В ближайшую субботу, 21 апреля, на семинаре по автоматической обработке естественного языка выступит профессор Ян Жижка (Чехия).

Ян прочтет доклад на тему «Real-world text mining using machine learning». Продолжительность доклада — 3 часа. Внимание — семинар будет проходить на АНГЛИЙСКОМ языке.


Today, huge volumes of text data are available, especially on the Internet. Very often, the data is not structured and the text is freely written by the Internet users in natural languages. Such the data is expected to contain interesting or valuable information that can be used for different goals in a lot of application areas. Because the data is too big,
it is very difficult or impossible to process it «manually» within an acceptable time. Fortunately, modern informatics procedures and methods enable us to apply sophisticated
methods included in artificial intelligence, especially the set of algorithms called machine learning. Machine learning methods applied to text mining are based on the inductive
learning from existing examples.

In the first part, the talk deals with a brief introduction to some machine learning methods applied to text mining. The main problems are connected with the appropriate preprocessing of the data, designing the mining procedure including selection of suitable algorithms and interpreting the results.

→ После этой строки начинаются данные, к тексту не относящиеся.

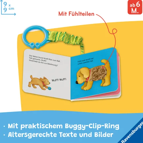 Die Mini-Fühlbücher sind perfekt für unterwegs! Die kleinen Mitmachbücher passen in jede Handtasche und nehmen auch im Wickelrucksack wenig Platz ein. Durch die Buggy-Aufhängung lassen sie sich prima am Kinderwagen, Hochstuhl oder Kindersitz befestigen. Sie sind deshalb eine super Beschäftigung für die Autofahrt, Wartezeiten oder einfach zwischendurch.
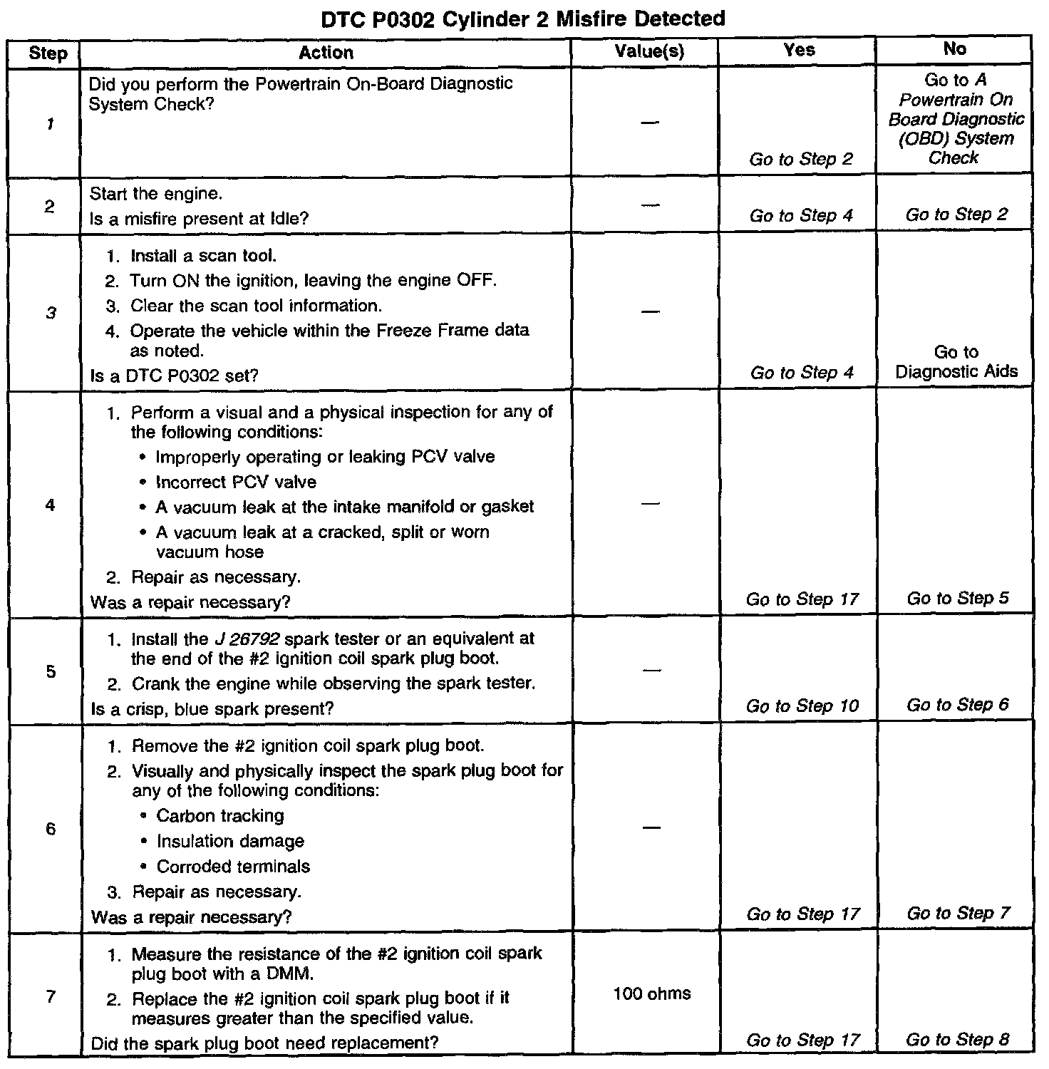 ^ A fuel injector malfunction may cause a DTC P0302 to set. Check the performance of the fuel injectors. Refer to Fuel Inj Coil Test - ECT Between 10-35 Degrees C and Fuel Injector Balance Test (SFI). Component Tests and General Diagnostics
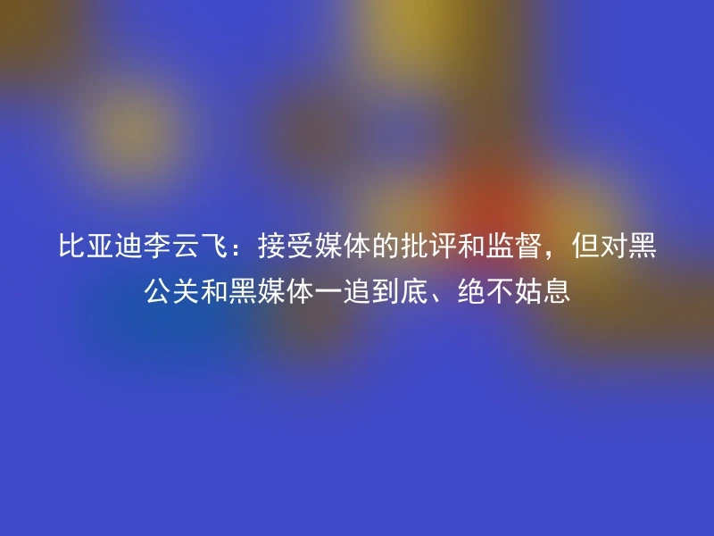 比亚迪集团品牌及公关处总经理李云飞近日发布视频声明,回应近期针对比亚迪的负面报道。他表示,比亚迪欢迎媒体的监督和批评,但对于恶意造谣、长期诋毁公司的“黑公关”和“黑媒体”,将坚决追究到底,绝不姑息。
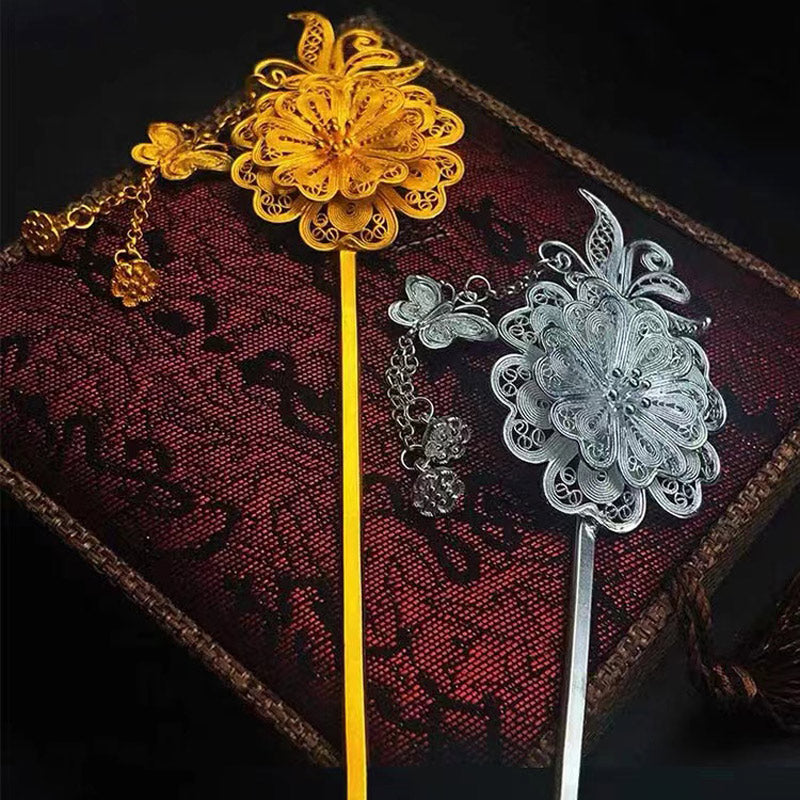Épingle à cheveux en filigrane à double fleur en argent sterling 999 de style chinois vintage fabriquée à la main avec pompon papillon et bourgeons

In the second part, some interesting results obtained from the real-world data will be presented. The data represents opinions/sentiments of customers’ reviews relating to services provided by hotel accommodation all over the world. The reviews are written by hundreds of thousands of customers in many languages. The focus of the described research was on revealing typical words and phrases in several languages, including English, Spanish, French, German, Japanese, Russian, Czech, and others.

Семинар пройдет по адресу: 10 линия В.О., дом 49, ауд. 308. Начало в 17:00.
Пароль для прохода через вахту: «Я на семинар».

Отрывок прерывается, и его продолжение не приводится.